More stories from the industry that caught our eye this week
Robinhood gears up for IPO Some companies might be tempted to lie low for a while after being accused of causing “widespread and significant harm” to their customers. Not so Robinhood, the digital broker that helped drive the recent surge in retail investing. A day after agreeing a record $70m penalty with the Financial Industry Regulatory Authority, it published a prospectus paving the way for what will be one of the most closely-watched initial public offerings of the year. The company is targeting a valuation of $40bn or more, but the Lex column warned that further regulatory run-ins could make that target look a little too ambitious. Meanwhile, the FT’s retail investing and venture capital reporters give a run through all the other most important numbers from the prospectus.

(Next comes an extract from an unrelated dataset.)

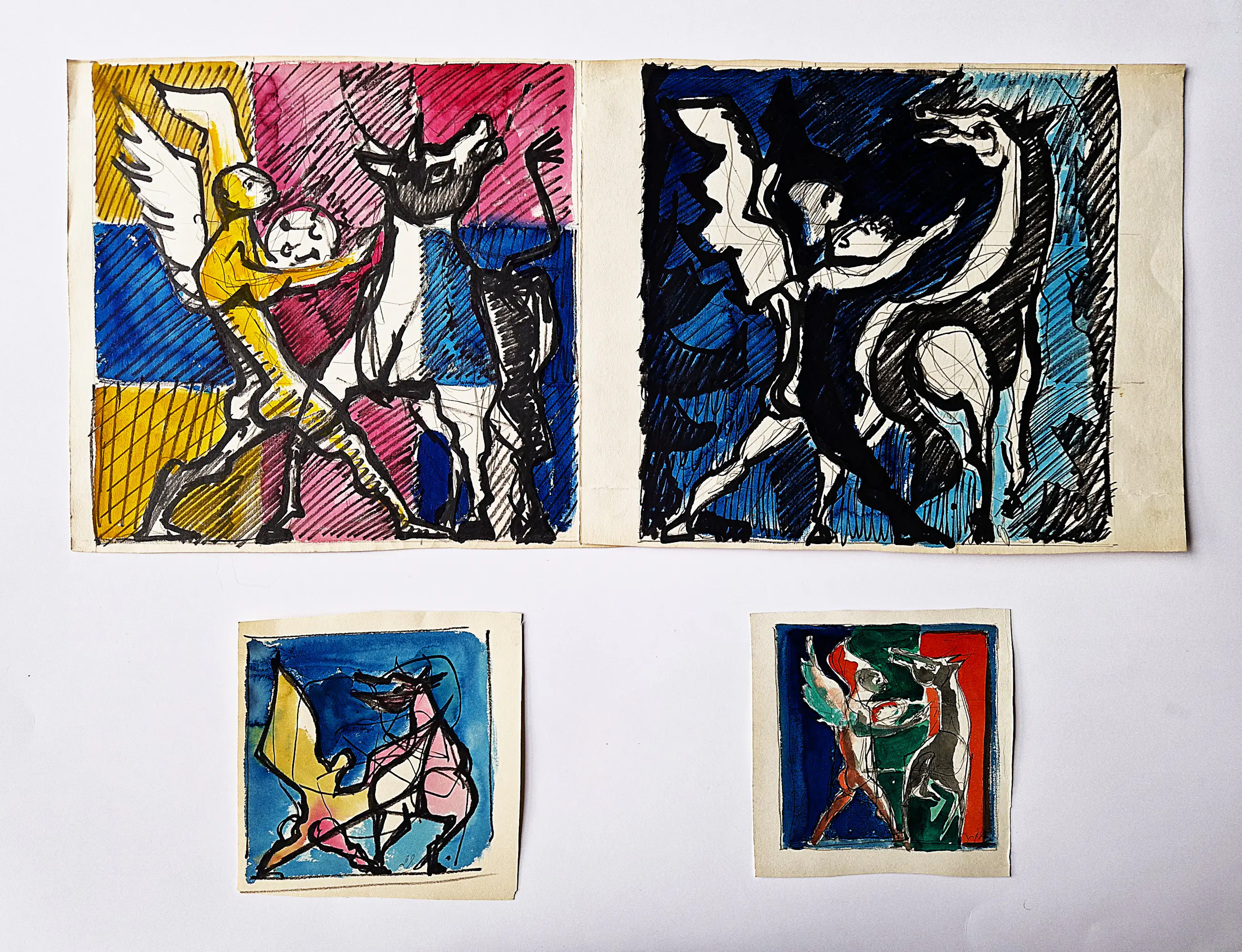 Dick Elffers (Rotterdam, 1910 – Amsterdam, 1990) doorloopt eind jaren twintig de kunstacademie. Opgeleid tot grafisch ontwerper gaat hij na zijn opleiding zelf als docent werken aan de academie. Tijdens en na zijn studie assisteert hij vormgevers Paul Schuitema en voor Piet Zwart, bij wie hij zeven jaar werkt en zijn belangrijkste assistent wordt. In mei 1940 wordt zijn atelier in Rotterdam gebombardeerd en verhuist hij naar Amsterdam. Na de oorlog ontwikkelt hij zich tot een veelzijdig kunstenaar en vooraanstaand ontwerper, werkend voor onder meer het Rijksmuseum en het Holland Festival. Hij verdiept zich in allerlei disciplines, als schilder, tekenaar, graficus, ontwerper, beeldhouwer, illustrator en realiseert zeventien typografische boekprojecten. Hij ontwikkelt zich in allerlei vakgebieden als keramiekreliëfs, wandtapijten en architectonische ontwerpen. Van 1970 tot 1976 is hij als docent monumentale kunst verbonden aan de kunstacademie in Den Bosch. Voor zijn werk ontvangt hij de H.N. Werkman Prijs en de Staatsprijs voor Typografie en zijn werk wordt opgenomen in de museale collecties.

More European M&A This week saw yet another M&A milestone in the European fintech market, following a series of landmark deals in recent weeks. This time it was a merger of three of the continent’s largest bank-owned mobile payment providers. Norway’s Vipps, Denmark’s MobilePay, and Finland’s Pivo announced they will combine to create a mobile wallet group with 11m customers and more than 700m annual transactions. Many banks in the rest of Europe are hoping to emulate the way Nordic lenders have positioned themselves at the forefront of the shift to digital payments, but the deal highlights the resources needed for bank-backed groups to keep competing with big tech rivals like Apple and Google. Read more from the FT’s Nordic and Baltic correspondent Richard Milne.
Crypto Corner: what did we learn from the Binance crackdown? Last week we highlighted the UK Financial Conduct Authority’s crackdown on Binance, the crypto exchange, as a further sign of growing regulatory unease around cryptocurrencies. Since then we’ve seen further interventions from regulators in the Cayman Islands and Thailand. That could mean more negative headlines in the short-term, but some are hopeful that in the long run, tighter regulatory enforcement will improve confidence enough to help the sector grow. Dig deeper into the Binance debacle in this long read. And if the news in recent weeks has you worried about the fate of your own crypto portfolio, check out Madison Darbyshire’s explainer on what consumer protections you might be entitled to (spoiler: not many).
Quick Fire Q&A
Stay up to date with up-and-coming disrupters. Each week we ask a fast-growing fintech to introduce themselves and explain what makes them stand out in a crowded industry. This week we spoke to Spark Commodities, a Singaporean startup trying to take on centuries-old incumbents like Baltic Exchange and S&P Global Platts that provide data on commodities markets.
When were you founded? Early 2019, with the first product available by summer 2019.
Where are you based? Singapore, with additional presence in London as our customers are based all over the globe
Who are your founders? Tim Mendelssohn (ex-BP, Koch Industries) and Charles Vallantin Dulac (ex-Kpler)
What do you sell, and who do you sell it to? Price transparency to opaque commodity markets, starting with LNG. Our clients include commodity traders, oil and gas majors, hedge funds, banks and research institutions.
How did you get started? We recognised that traders didn’t have optionality with price indices. We built Spark with a singular focus on providing a tech-orientated alternative.
How much money have you raised so far? $5m USD
What’s your most recent valuation? Undisclosed
Who are your major shareholders? Kpler, the commodities data & analytics provider, and EEX, a global exchange that’s part of the Deutsche Boerse Group.
There are lots of fintechs out there — what makes you so special? We’re using industry knowledge and technology to provide greater price transparency to commodity prices that impact almost everyone on the planet.